Now that Valentine’s Day is behind us, rather than “everything coming up roses,” it seems to me that everything is coming up 3D.  At least everywhere I turn.

Hot on the heels of a very informative URISA BC seminar titled “The New Dimension in GIS – 3D Analysis” (find a good summary of the day here), I’m on my way to Montreal and Quebec City to take part in a seminar series on BIM and 3D interoperability.  I’ll be presenting on a number of important BIM and 3D formats and how they relate to each other, and showing how Safe’s products FME Desktop and FME Server can play a role in greasing the wheels of data exchange between such formats.  In fact, I just today heard a story of a large project here in Vancouver, BC where two firms were involved at different stages during the design process, and the hand-off between them was to redraw the plans due to incompatibility between the design systems they used.  Now that is a squeaky wheel if ever I saw one.

But what really got me thinking today was Oleg Shilovitsky’s blog posting asking “can we create a 3D RSS?”  Such a mechanism would provide a standards-based way to communicate modest amounts of 3D information using the very successful RSS mechanisms.
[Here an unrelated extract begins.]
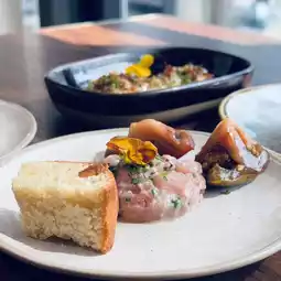 ▪️ Barca Hamachi, Heirloom tomatoes, Brioche (+48) The oily fish grains are very fresh, served with sweet raw tomatoes and cream roll bread, a refreshing starter
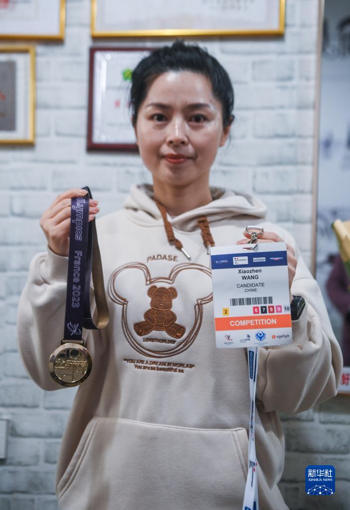 3月30日,在位于杭州市臨平區塘棲鎮的曉珍發藝工作室內,聾啞人王曉珍展示她參加國際殘疾人職業技能競賽的參賽證和贏得的金牌。

To me, it seems like there are two ways this could go.  One could be to take advantage of the existing GML dialect available within GeoRSS and just embed a 3D payload inside of the GML.  While this could be done today without creating anything new, it seems this would impose a Geo-aspect to the 3D RSS, which may not always be desirable or necessary in the broader context.  For example, what if you’d subscribed to a 3D RSS feed of the latest automotive model announcements? – That 3D data certainly doesn’t have a spatial context to it.

The other way I could see would be for a group to just invent a new dialect of RSS, much as the Geofolks have done, and garner support for that.  It may be better to choose an existing XML specification for 3D data (again, GML might suffice, or X3D, or Collada, or …).  But if they decide to invent a new specification, then making a provision for a spatial reference point would be ideal so that the data could be located spatially if it made sense.

One way or another, I think that having an accepted way to syndicate 3D data is an idea which will have legs. It will be interesting to watch and see where it goes in the weeks and months ahead.